- Panchetiya Location in Rajasthan, India Panchetiya Panchetiya (India)
- Coordinates: 25°32′23.57″N 73°31′53.17″E﻿ / ﻿25.5398806°N 73.5314361°E
- Country: India
- State: Rajasthan
- District: Pali

Population (2001)
- • Total: 1,889

Languages
- • Official: Hindi
- Time zone: UTC+5:30 (IST)
- Telephone code: 02935
- ISO 3166 code: RJ-IN
- Vehicle registration: RJ-22
- Sex ratio: 0.940 ♂/♀

= Panchetiya =

Panchetiya is a village located in Marwar Junction Tehsil of Pali district in Rajasthan state of India.

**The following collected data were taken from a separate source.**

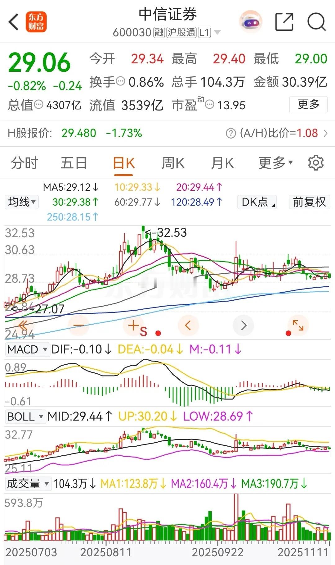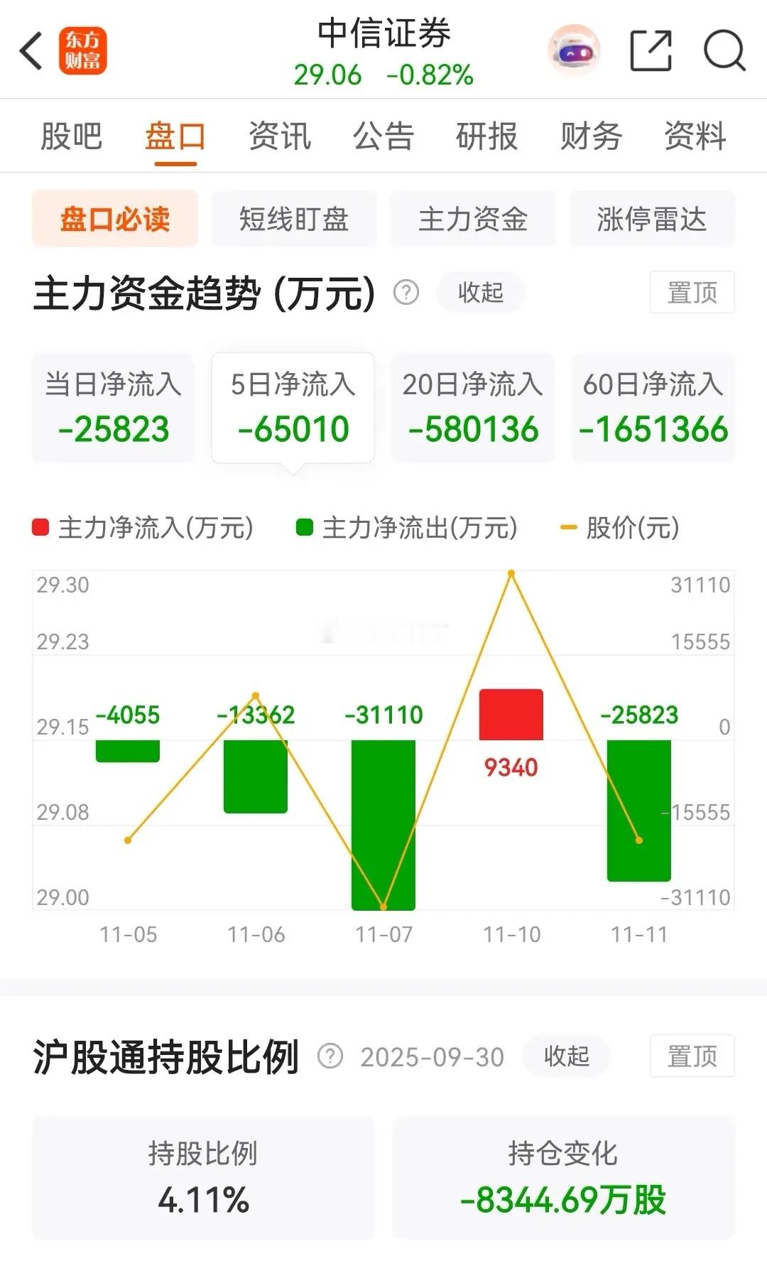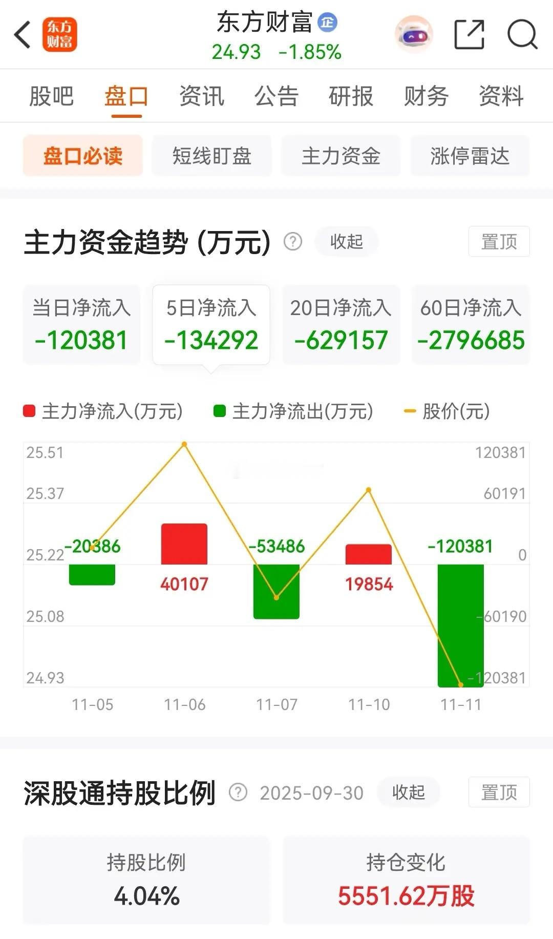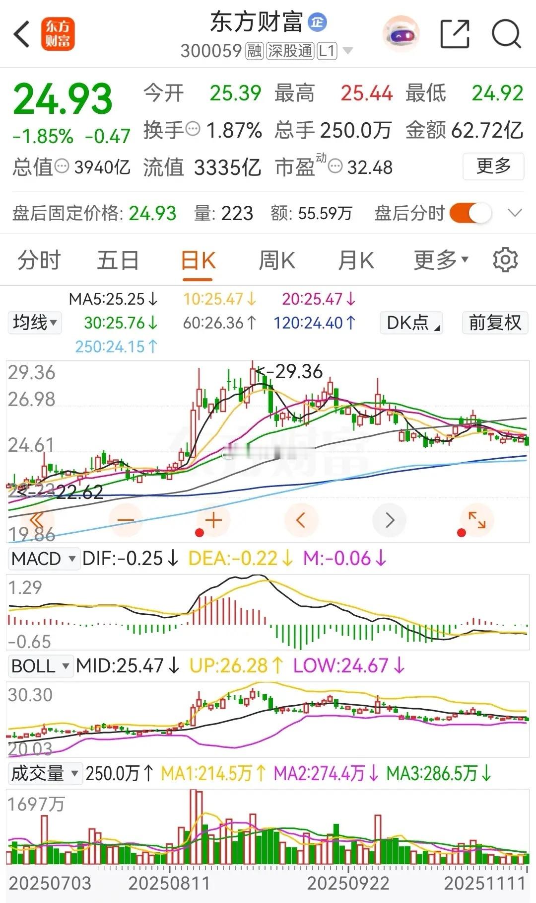 东方财富今天低开低走,被主力资金大幅净卖出了 12.0381亿元;中信证券则是高开低走,收盘时跌了 0.82%,而东财则是下跌了 1.85%。券茅和券商一哥昨日反弹了一天,今天就再次调整,属实有些渣!东方财富今天早盘低开后一路下跌,到了下午颓势减缓,基本上是横盘为主,全天跌幅1.85%,报价24.93元。在资金流向上,今天被主力资金大幅净卖出了12.0381亿元,近5个交易日则是合计被净卖出了 13.4292亿元。从走势上看,目前股价被均线压制。中信证券今天是高开低走,下跌时间集中在上午,下午以横盘整理为主,全天的下跌幅度为0.82%,收盘报价为29.06元。在资金流向上,今天被主力资金净卖出了2.5823亿元,近五个交易日则是合计净卖出了6.5010亿元。至于技术面分析,可以查看上一篇中关于券商概念板块走势的分析。东方财富与中信证券业绩表现对比,中信证券:今年Q3净利润94.4亿元,同比增长51.54%,单季利润创历史新高。前三季度的净利润为231.59亿元(同比增长了37.86%),总资产首次突破了两万亿元。优势业务:自营投资(前三季度投资收益328亿元,占收入主导)、资管(华夏基金贡献显著)。东方财富:Q3净利润35.3亿元,同比暴涨77.74%,增速远超中信。前三季度净利润为90.97亿元(同比+50.57%),利润率则是高达74.58%(互联网轻资产模式)。优势业务方面:基金代销(天天基金平台)、经纪佣金(受益牛市成交放量)。
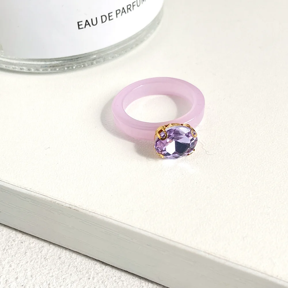 Акриловое кольцо с квадратными стразы женские пластиковые кольца из смолы Новинка 2021 модные ювелирные изделия Y2K в стиле 90-х Harajuku подарки для девушек
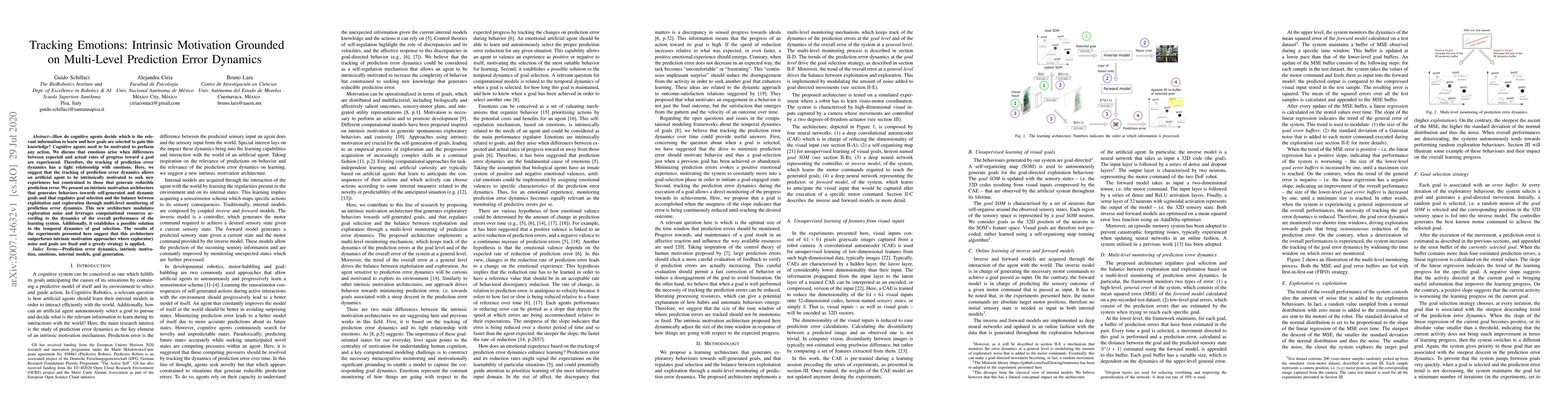 How do cognitive agents decide what is the relevant information to learn and how goals are selected to gain this knowledge? Cognitive agents need to be motivated to perform any action. We discuss that emotions arise when differences between expected and actual rates of progress towards a goal are experienced. Therefore, the tracking of prediction error dynamics has a tight relationship with emotions. Here, we suggest that the tracking of prediction error dynamics allows an artificial agent to be intrinsically motivated to seek new experiences but constrained to those that generate reducible prediction error.We present an intrinsic motivation architecture that generates behaviors towards self-generated and dynamic goals and that regulates goal selection and the balance between exploitation and exploration through multi-level monitoring of prediction error dynamics. This new architecture modulates exploration noise and leverages computational resources according to the dynamics of the overall performance of the learning system. Additionally, it establishes a possible solution to the temporal dynamics of goal selection. The results of the experiments presented here suggest that this architecture outperforms intrinsic motivation approaches where exploratory noise and goals are fixed and a greedy strategy is applied.
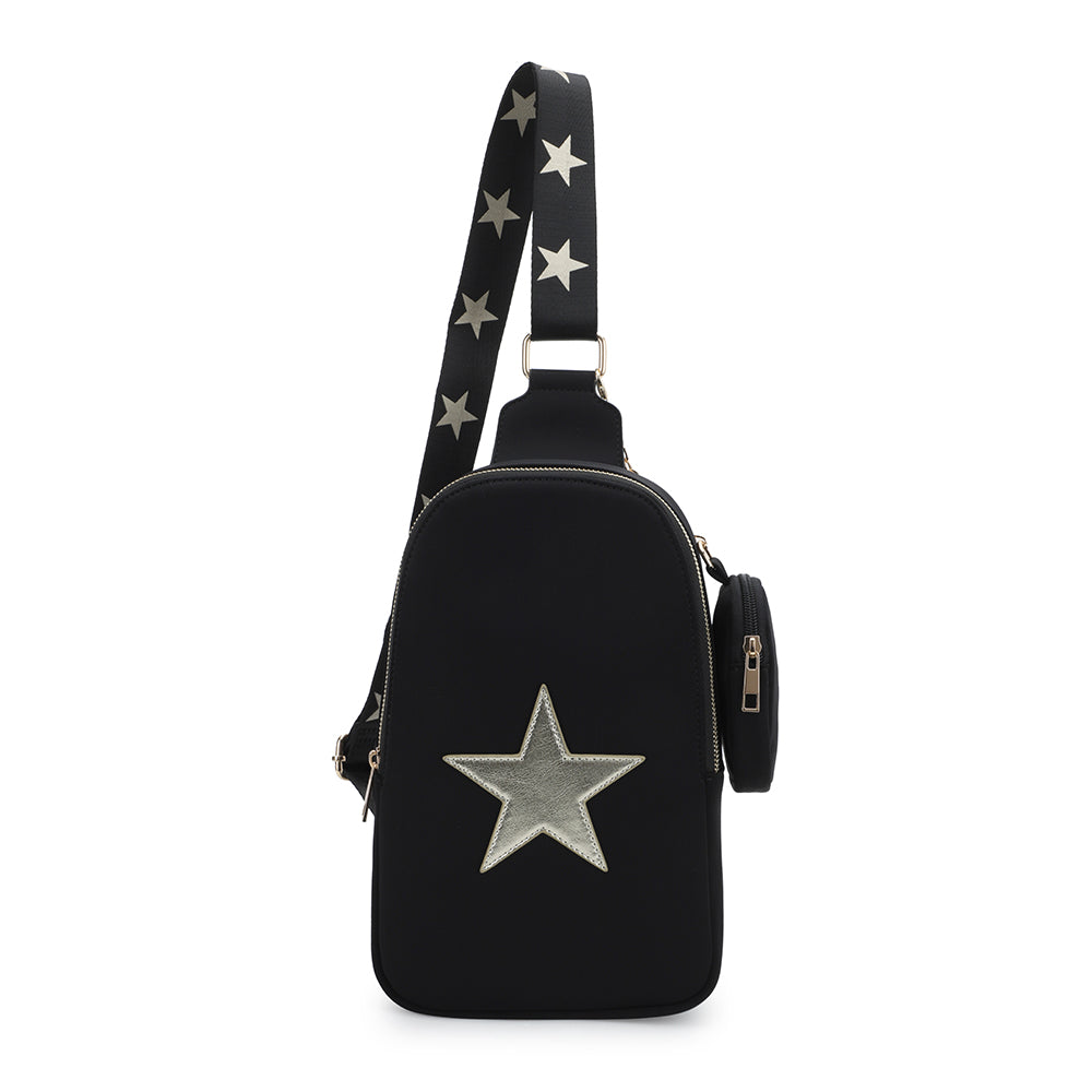 The Kety Bag in Black and Gold combines sleek design with practical features. Its secure zipper closure keeps your belongings safe, while the subtle star detail adds a touch of unique style. Perfect for everyday use, this bag offers both functionality and a refined look.
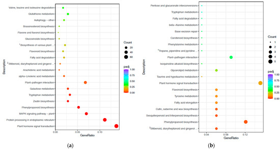 Kyoto Encyclopedia of Genes and Genomes (KEGG) enrichment scatter plot of top 20 significantly upregulated enriched terms in the KEGG enrichment analysis. (a). drought vs. control (1 biosynthesis of various plant secondary metabolites; 2 stilbenoid, diarylheptanoid and gingerol biosynthesis) (b). waterlogging vs. control (1 tropane, piperidine and pyridine alkaloid biosynthesis; 2 stilbenoid, diarylheptanoid and gingerol biosynthesis). Gene ratio = ratio between the number of differentially expressed genes in each pathway and all differentially expressed genes that can be found in the KEGG database; padj = adjusted p-values ≤ 0.05 are significant; count = the number of differentially expressed genes concerning this term.
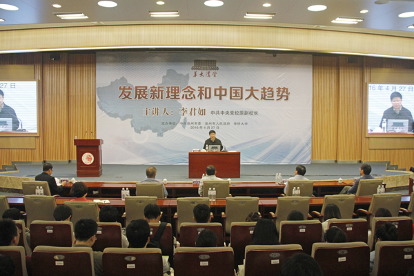 4月27日上午,“华大讲堂”第59讲在陈嘉庚纪念堂科学厅开讲。中央党校原副校长李君如研究员第二次做客“华大讲堂”,作《发展新理念与中国大趋势》专题报告。
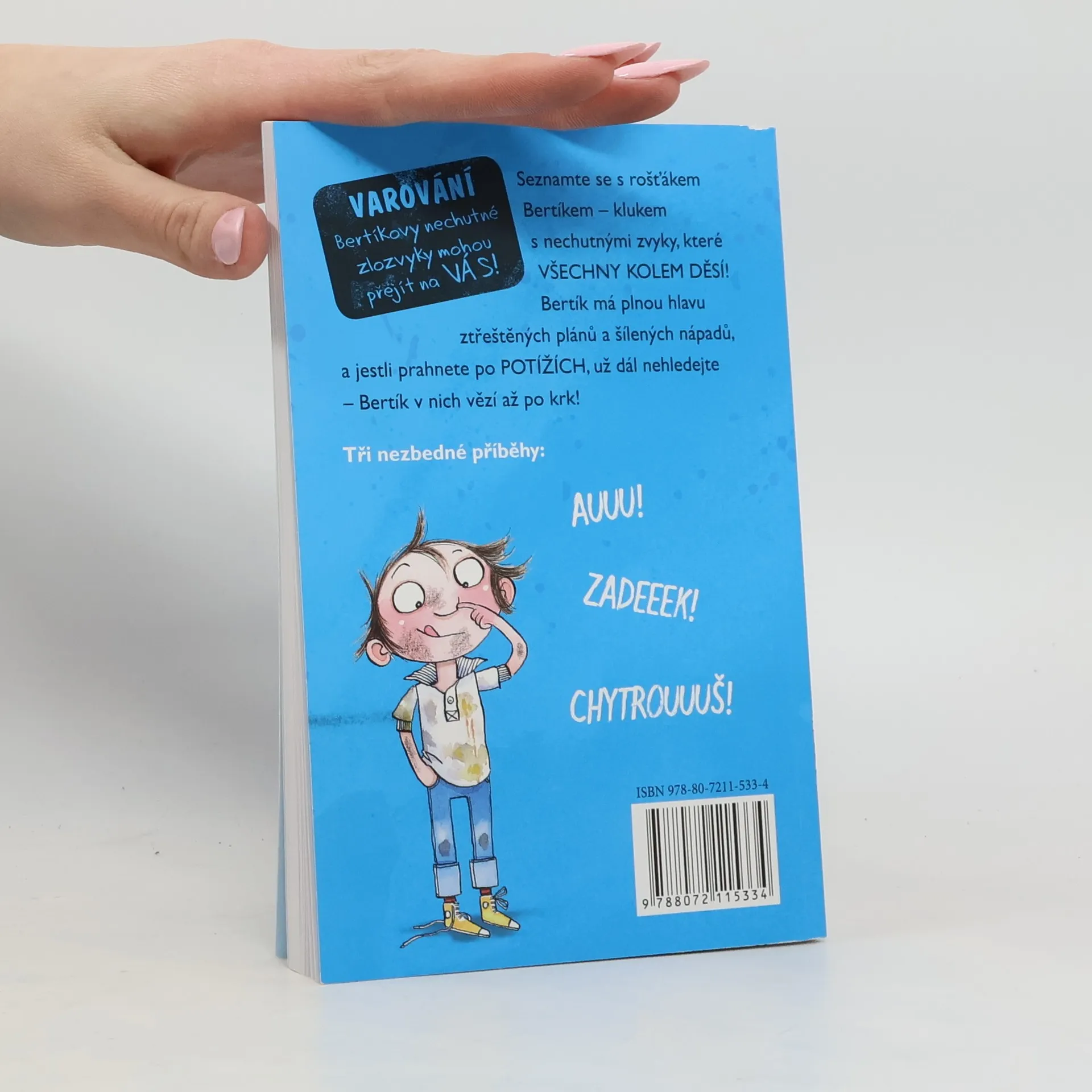 Další knížka s třemi novými příběhy ROŠŤÁKA BERTÍKA – kluka se zvyky, které všechny dospělé kolem děsí! Bertík má plnou hlavu ztřeštěných plánů a šílených nápadů, a jestli prahnete po potížích, už dál nehledejte – Bertík v nich vězí až po krk! Čtení pro děti od 6 do9 let.
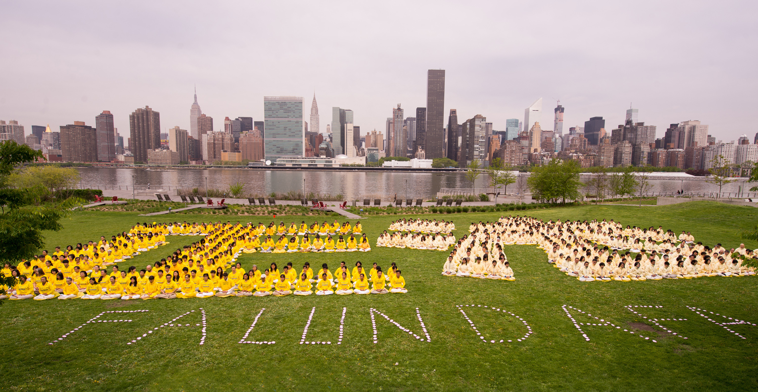 ![]() 法轮功学员在纽约甘醇(Gantry Park)公园以排字炼功,展现光明美好。 |

Rashtra Kavi Dursa Ji Arha (1538–1651), a famous Rajasthani scholar, warrior and administrator of the medieval era, was the ruler and he stayed in the Panchetiya village in his last days with his son Kishan Ji Arha. After him, the Arha Charans remained the heriditery Thakurs of this village.

== History ==
Panchetiya was one of the jagir villages under fiefdom of Dursa Ji Arha. Kaviraja Dursa Ji had married twice. From both wives he received four sons- Bharmal Ji, Jagmal Ji, Sadul Ji and Kisna Ji. When Dursa Ji was old, his eldest son disputed with him about the property, upon which Dursa Ji gave him a choice, he said - 'I am on one side and my property on the other, what will you choose?'. The eldest son Bharmal, who was born to his first wife, took possession of most of his feudal property in Marwar, while Kisna Ji (son from the younger wife) accepted the remaining property and lived with his father. So, Dursa Ji spent his old days peacefully in the village Panchetia (granted by Mewar Maharana) and died in 1855 AD.

==Demographics==

Population of Panchetiya is 1,889 according to census 2001, where male population is 917, while female population is 972.